If you leave out the wait/notify part, things will rely just on the synchronized keyword, only one thread will access the trap at a time and its a race as to which gets there first (the hippy might try an empty an already empty trap).
In order to co-ordinate the wait and notify, the VM will use an object monitor. A thread acquires the object's monitor when it enters a synchronized block. An object has just a single monitor which acts as a mutually exclusivity lock (mutex). If you try and wait or notify without first getting the object's monitor (without executing wait or notify within a synchronized block), the VM can't set things up and so throws the IllegalMonitorException.
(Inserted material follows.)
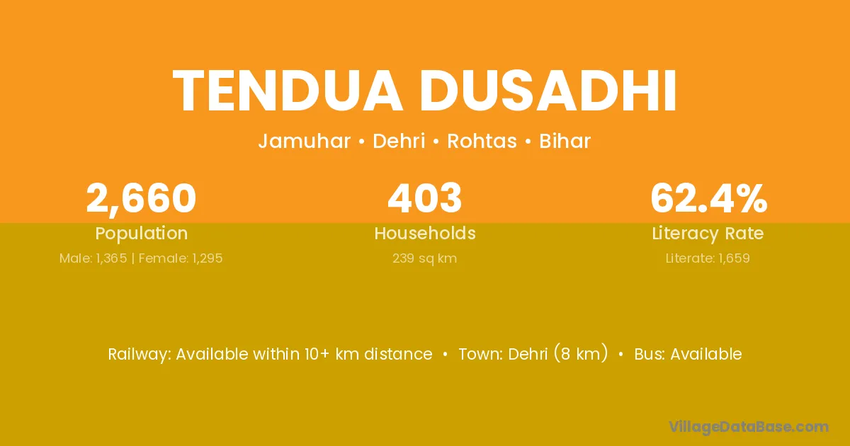 Dehri (8 km) is the nearest town to Tendua Dusadhi village for major economic activities and is located approximately 8 km away.

It's saying "I can't allow this because if, for example, I wait, when will I know that I can progress when somebody calls notify? what/who are they notifying?". It uses the monitor to coordinate and so forces you to acquire the monitor.
So, the error you get is because numToGo isn't syncrhonised in the other thread (as Michael said previously).
I can't quite see why you need the numToGo, if it is producer/consumer, do you want to stop after a certain number? After the bug catcher catches 10 bugs and the hippy releases 10? Doesn't sound like that's what you're trying to do (as they could both have unrelated internal counters), so I'm not sure what you trying to do there. It'd be good to outline what you're trying to do in case I've gone off on completely the wrong tangent!